I’ve refused to indulge in using them for searching. Do they cite their sources now? All I’ve seen are screenshots where it appears you’re just supposed to take their word for it. Curious if that’s changed.
Some like Phind or Perplexity cite their sources. And they give you directly the answer you’re looking for without having to search it in a mess of “subscribe to our newsletter”, “other articles that may interest you”, 3 paragraphs of “if you read this article, you will know what you want to know”, “special promotion for you”,…
I may grudgingly try it then. lol Though I’ve gotten quite good at filtering out the chaff from search results.
Bing Chat has become my go-to search engine for situations where I’m not looking for a specific website or other such resource, and instead want some kind of information or knowledge. I’d recommend giving it a shot. It does a websearch in the background, puts the results into its hidden context, and then builds an answer for you based on the information it dredged up, complete with links. You can then clarify your question or ask for further details and get a back-and-forth going, it’s really handy. I’d recommend giving it a shot, I believe it works without needing an account now.
Oh, I should note: don’t use it like an old-school search engine where you just type a couple of keywords in. Be conversational and give context to your search. Say for example “I’m planting a garden in Witchita, Kansas. What climate zone is it, and what sorts of flowers grow well there?” And then perhaps follow that with “Are any of those attractive to hummingbirds?” Or whatever. That should help it figure out what information to look for and how to distill what you want to know from it.
Frankly, corporations seem to have no idea how to use LLMs. They want them to be a public facing company representative, which is exactly what LLMs can’t do well. Where they accel is as an assistant.
Want to figure out what scale you’re playing a song in? It’s great at that. I’ve had it give me chords to go with scales too, or even asked for some scale options based on the feeling of the sound.
It’s also great for looking for terms in other languages. I’ve got some ranged weapon abilities in my tabletop rpg. I knew i wanted one of them to be called pistolero, but I didn’t know the terms fusilero or escopetero, and might not have found them on my own, but chatgpt came up with them right away.

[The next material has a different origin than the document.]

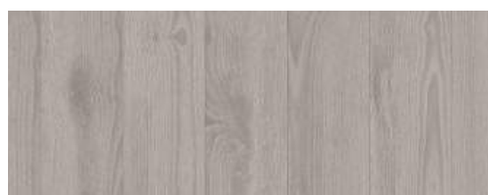
Scandinavian Oak Medium Grey

I’ve also learned that it’s great at looking up game guides and providing hints that aren’t spoilers without giving the puzzle away. I had it generate results for the Lady’s Maze in Planescape: Torment and the Water Temple in Ocarina of Time. Amazing hints without giving it away.
If you have your own brain and want to off-load some simple queries, it’s great. If you want to use it in place of a human brain to talk to customers, you’re barking up the wrong gpt.

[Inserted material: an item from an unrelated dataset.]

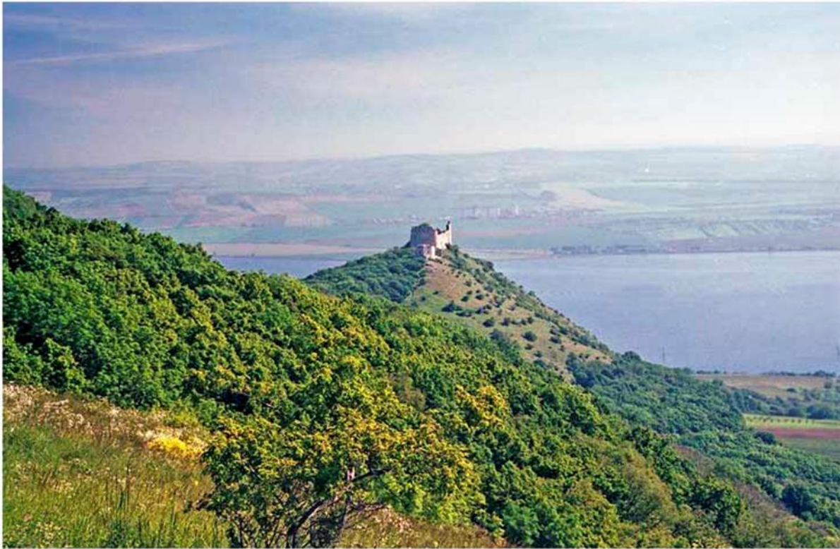
Zřícenina hradu Děvičky z úbočí Děvína

That music example is how I’ve used them, it really is spot on. Key, tempo, scale, overlapping scales that could be used, plus factoids included. It really can be very helpful.
improving and integrating the technology is raising harder and more complex questions than first envisioned
Many people not only envisioned but predicted these problems as soon as the hype cycle began.
Interesting article. I’d have loved to see some stats on how LLM investment and LLM startups are doing.
AI doesn’t have to be good, it only needs to be good enough. Even if it’s just barely functional, if it’s cheaper than paying a human, then it will be used by capitalists.